Gas is a welcomed "transitional" energy up to the point of time when renewable energy is available at a large scale. It can reduce greenhouse gases if it is substituted for coal (the climate impact is half that of coal), but nevertheless it is a fossil energy contributing to global warming. If it decelerates the transition to alternative energy or current investments into renewable break down, cheap gas will have a long run negative effect on the climate.
Europe has a competitive advantage in clean technology. Energy efficiency is high, and Europe has a trade surplus in technology driven industries. The new industrial policy strategy of the European Commission intentionally builds on these strengths.
The alternative response
The optimal answer of Europe to the lower energy costs in the US should be in general to increase investment into innovation and education and specifically to increase energy efficiency and innovations in ultra low carbon technology. The European Commission has initiated research programmes e.g. for ultra low carbon technology in steel, the research looks promising, but the partners could not agree on a pilot plant.

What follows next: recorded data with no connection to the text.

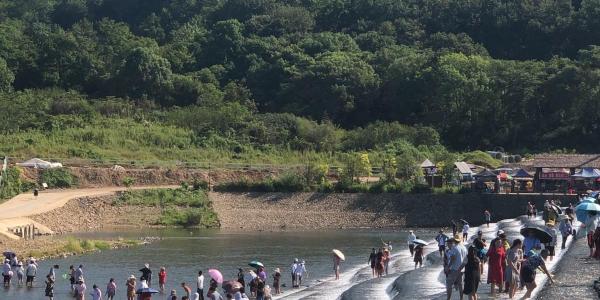 游览后食用午餐,下午适时前往【阶梯瀑布】,鹅卵石铺筑的坝顶蜿蜒曲折的叠式堰坝,倾泻而下的水流形成层层叠叠的白色水花,成群的游客或嬉水,或拍照,非常热闹。
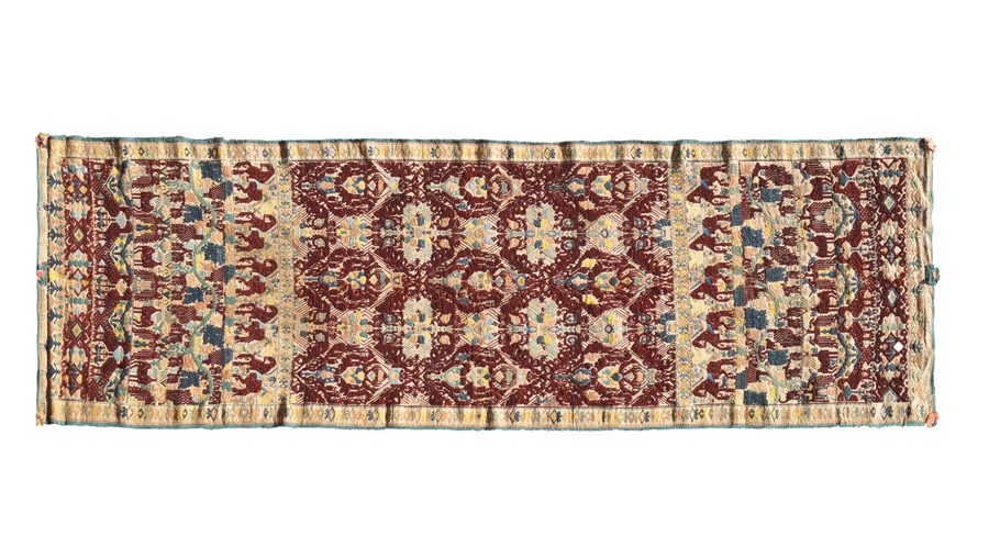 PARTICOLARE ARAZZO SARDO XX Sec. tessuto a motivi floreali e di animali, lievi difetti 264x84 cm.
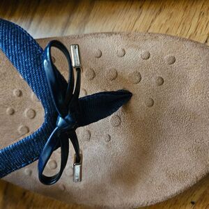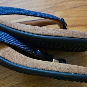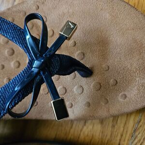 Experience the perfect blend of style and comfort with Vionic's denim blue and brown sandals. Featuring decorative bow accents on the straps, these sandals are designed for both elegance and support. The textured footbed ensures a comfortable fit for all-day wear.

In general, Europe still lags behind the US in R&D expenditure, has never reached its Lisbon goal of 3% of GDP; and it trails in the efficiency of universities. Closing this gap will lower the unit labour costs by increasing productivity. Any cost difference in energy prices can be more than compensated by reducing the costs of skilled labour or innovation.
Industrial countries in the long run can compete only in skill intensive products. Competitive advantage is created by innovation; specialisation occurs in skilled technology intensive products. A forward looking industrial policy boost Europe`s competitive advantage and resists the temptation to be set off course by a short run decline in energy prices.
Integrated or isolated again?
A new industrial policy should support long run societal goals; it will make synergies out of conflicting policy strands and prevent energy policy to turn back from green goals (renewables, energy efficiency) to grey goals (cheap and reliable supply). Industrial policy should promote a competitive advantage of Europe by fostering new, clean energy technologies, ultra low carbon technologies and higher energy efficiency. This is the superior strategy in the long run.
A new industrial policy has to be integrated, i.e. solve problems jointly. If, on the one hand there was an industrial policy calling for innovation and skills, and on the other hand an energy policy calling for cheap and reliable energy, there would in short be no cross-over between the policy strands, and we would be witnessing old-style industrial policy. In a systemic industrial policy, the synergies between policies are developed in order to make the individual policy strands more efficient and furthermore, societal goals can be attained.
In short, it makes sense for Europe to base higher growth on a strong manufacturing sector, and Europe should try to become the technology leader in sustainability. It makes sense for the US to close its current account deficit by "re inventing manufacturing".
But it may even be problematic for a resource-rich country like the US to base the rejuvenating of its industry on low energy costs. For resource scarce Europe this holds even more: if industrial policy and climate policy have different goals, neither will reach its objective and we will be back to square one of the old, isolated industrial policy decelerating structural change and reducing economic growth.
 This is six times as much as the subsidies for renewable energy sources, a large share of it the subsidies are spent in developing countries (IEA 2012)
 Carbon leakage element is restricted to a few industries. Only four industries have energy costs of 10% of total costs, for the majority of industries the energy costs are between 1% and 2% of total costs (Aiginger, 2013).